Dataset excerpt:

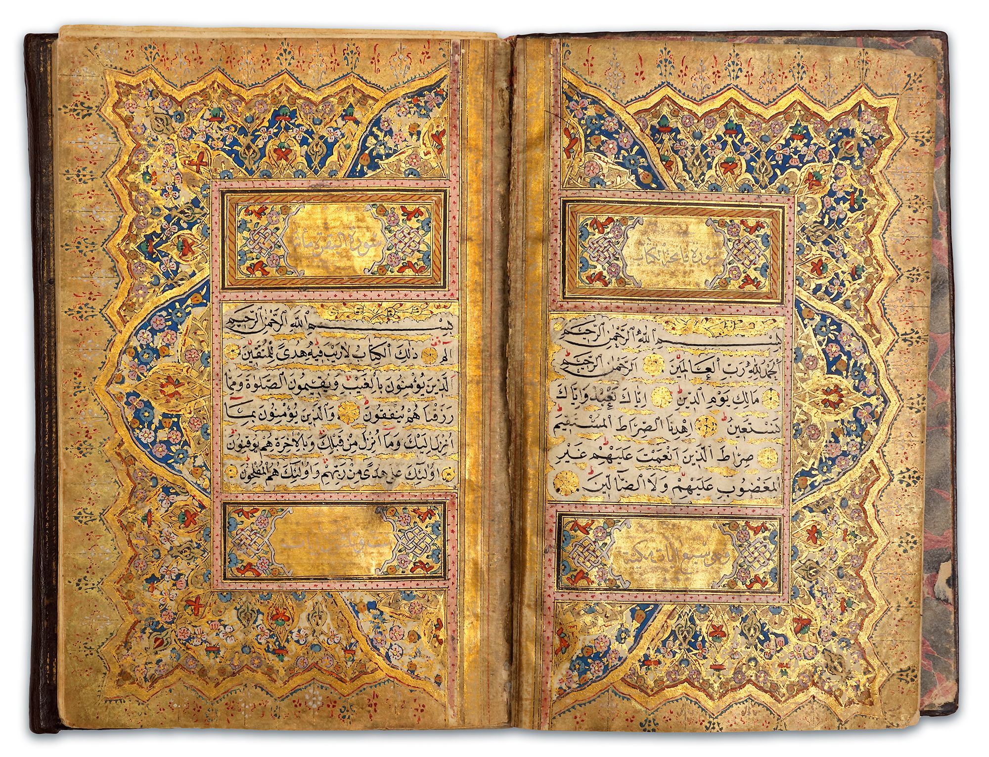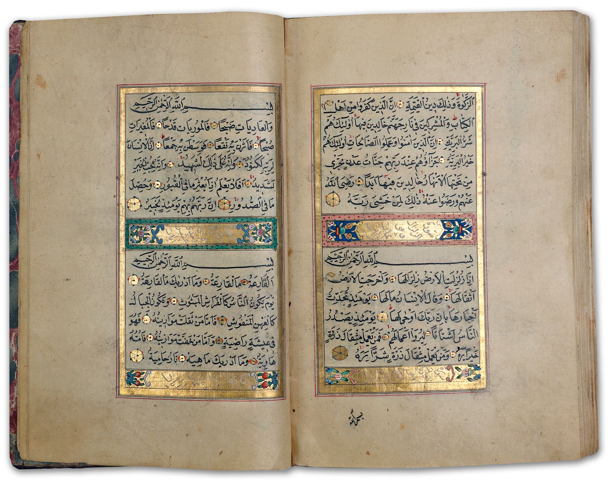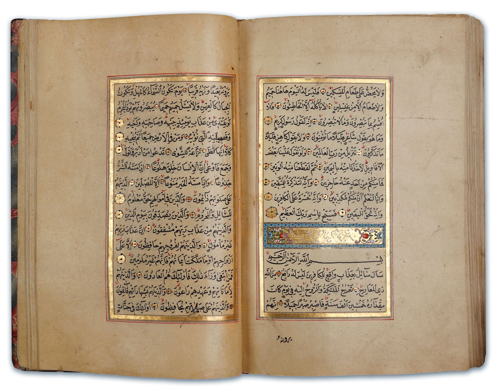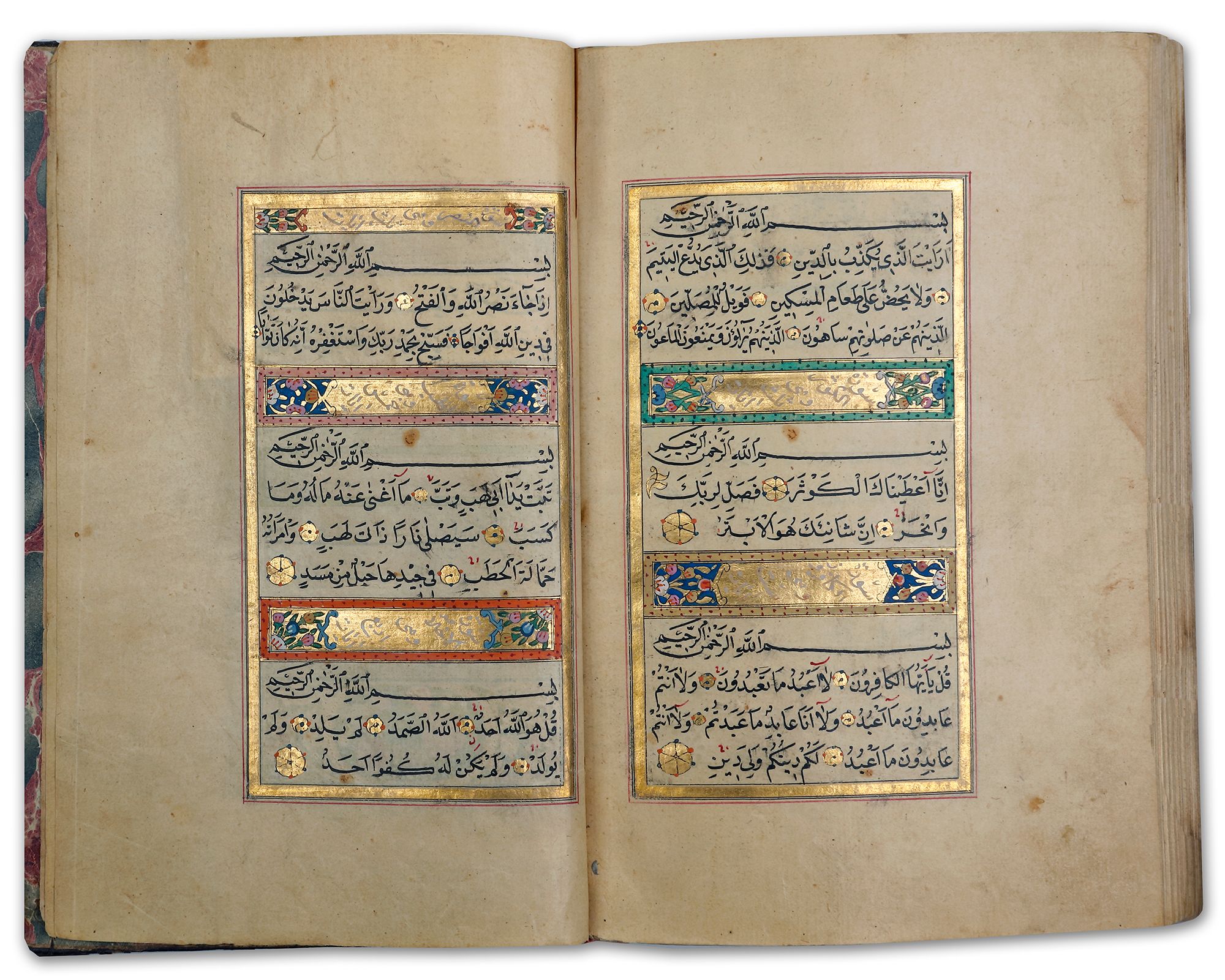 Arabic manuscript on paper, 322 leaves, 15 lines to the page written in neat naskh script in black ink with diacritics and vowel points in red and black ink, gold roundels between verses, inner margins ruled in two shades of gold and red, catchwords, surah headings written in thuluth in white within illuminated rectangular panels, one illuminated double-page frontispiece in colors and gold, occasional illuminated devices in wide outer margins, contemporary brown morocco, covers decorated with panels incorporating a diaper pattern in gold, with flap.
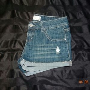 This item is used but still in good condition. Blue Jean shorts in woman's size 7. They have a distress look.
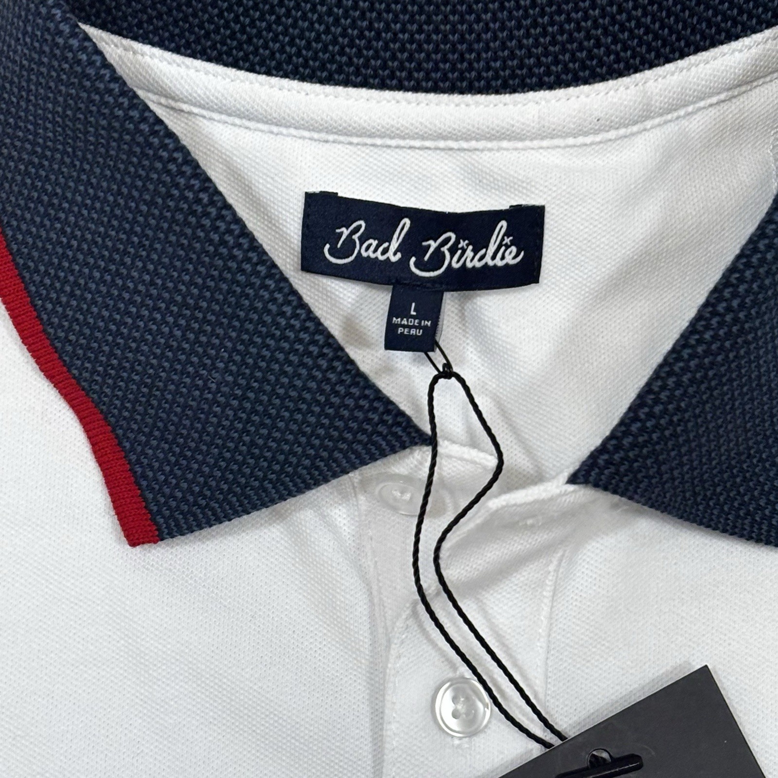 Bad Birdie Pique Golf Polo White Dark Navy Red Shirt Short Sleeve Mens Sz L

Aim of the task:
Return the listing verbatim, pictures excluded.

Solution to this problem:
 Arabic manuscript on paper, 322 leaves, 15 lines to the page written in neat naskh script in black ink with diacritics and vowel points in red and black ink, gold roundels between verses, inner margins ruled in two shades of gold and red, catchwords, surah headings written in thuluth in white within illuminated rectangular panels, one illuminated double-page frontispiece in colors and gold, occasional illuminated devices in wide outer margins, contemporary brown morocco, covers decorated with panels incorporating a diaper pattern in gold, with flap.
 This item is used but still in good condition. Blue Jean shorts in woman's size 7. They have a distress look.
 Bad Birdie Pique Golf Polo White Dark Navy Red Shirt Short Sleeve Mens Sz L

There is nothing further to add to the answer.